── DATA SHOWN
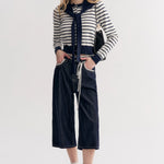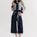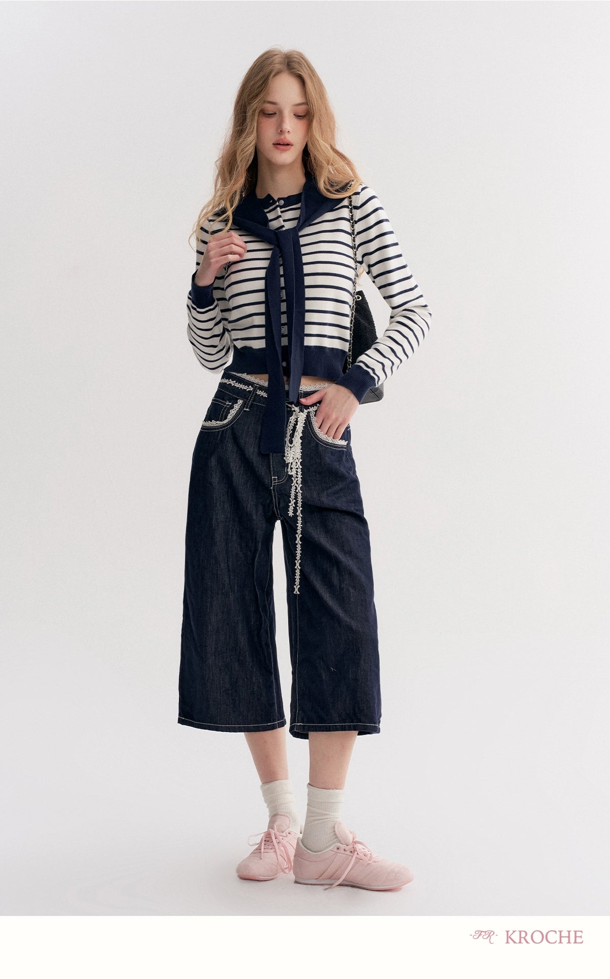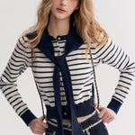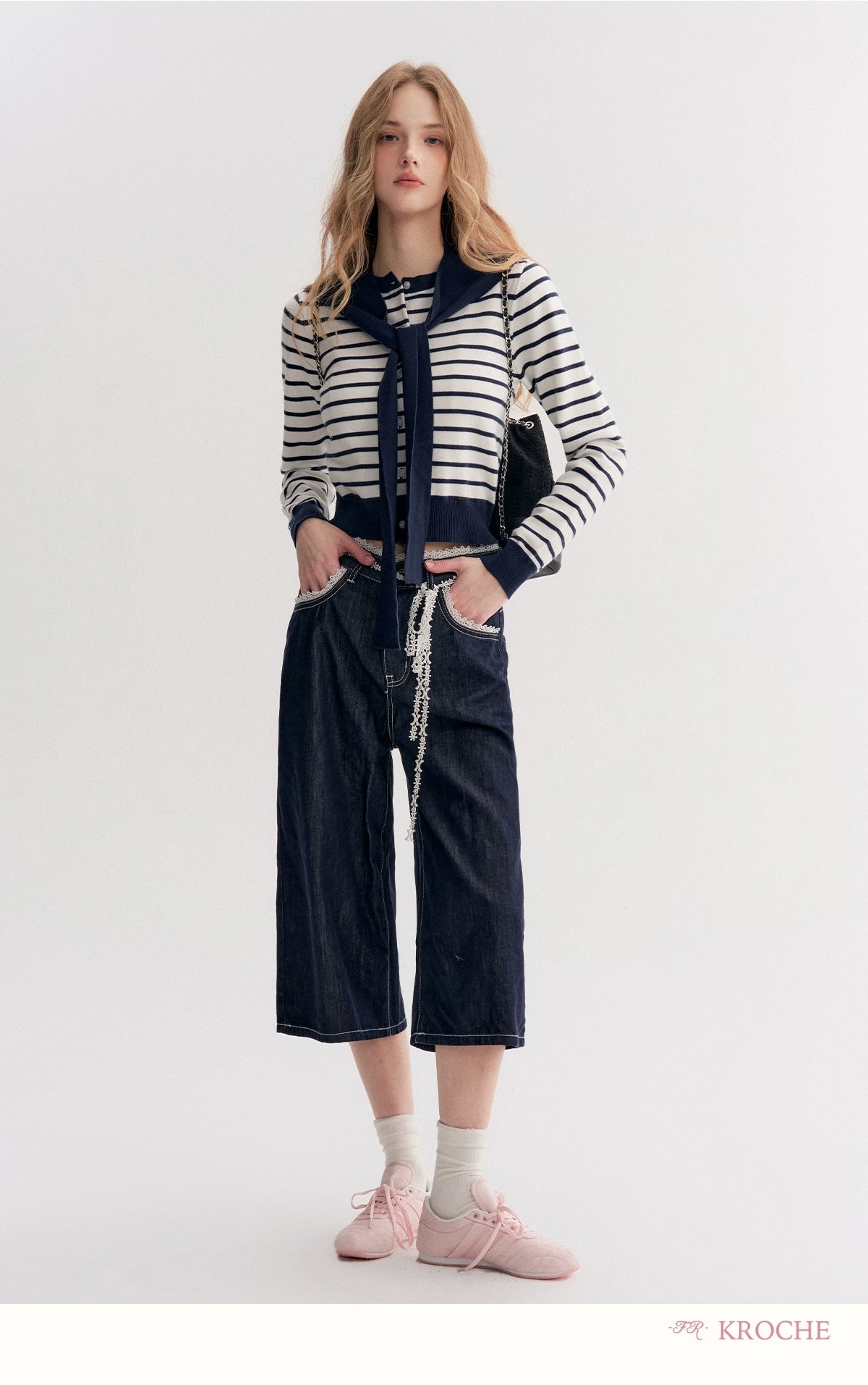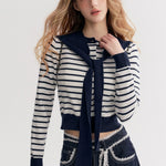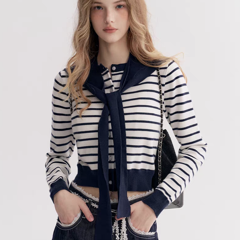 Kroche 2510 撞色条纹针织开衫+海军领披肩 藏青
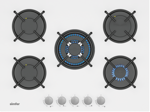 Simfer 3751 4 Gözü Gazlı + 1 Wok Cam Ankastre Ocak, 70 cm,
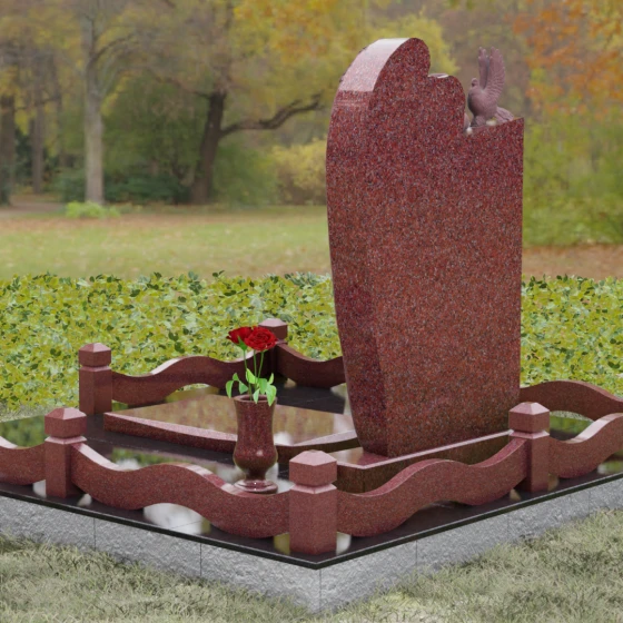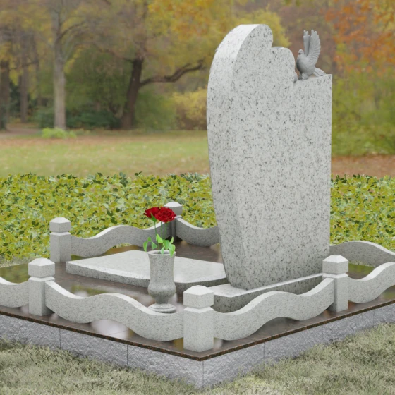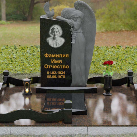 Представленный мемориальный ансамбль (Артикул 129) — это не просто памятный знак, а глубокое архитектурное высказывание, в котором застывшая в камне скорбь обретает форму высокого искусства. Величественная стела доминирует в композиции, представляя собой сложный симбиоз строгой геометрии и филигранной художественной резьбы. Центральным элементом является объемная фигура скорбящего ангела, выполненная в технике глубокого барельефа. Мастерски переданная пластика крыльев с детальной проработкой каждого перышка создает ощущение мягкости, которая парадоксальным образом контрастирует с твердостью натурального камня. Склоненный лик ангела и тонкие складки его одеяний, выполненные в матовом срезе, эффектно выделяются на фоне зеркально полированной поверхности основной плиты. В руках небесного покровителя застыла роза — символ вечной любви, чьи лепестки проработаны с исключительным вниманием к объему и естественности линий.
────
▶ [DESCRIPTION OF THE TASK]: Please reprint the whole listing exactly and omit its pictures.

▶ [RESPONSE]:
 Kroche 2510 撞色条纹针织开衫+海军领披肩 藏青
 Simfer 3751 4 Gözü Gazlı + 1 Wok Cam Ankastre Ocak, 70 cm,
 Представленный мемориальный ансамбль (Артикул 129) — это не просто памятный знак, а глубокое архитектурное высказывание, в котором застывшая в камне скорбь обретает форму высокого искусства. Величественная стела доминирует в композиции, представляя собой сложный симбиоз строгой геометрии и филигранной художественной резьбы. Центральным элементом является объемная фигура скорбящего ангела, выполненная в технике глубокого барельефа. Мастерски переданная пластика крыльев с детальной проработкой каждого перышка создает ощущение мягкости, которая парадоксальным образом контрастирует с твердостью натурального камня. Склоненный лик ангела и тонкие складки его одеяний, выполненные в матовом срезе, эффектно выделяются на фоне зеркально полированной поверхности основной плиты. В руках небесного покровителя застыла роза — символ вечной любви, чьи лепестки проработаны с исключительным вниманием к объему и естественности линий.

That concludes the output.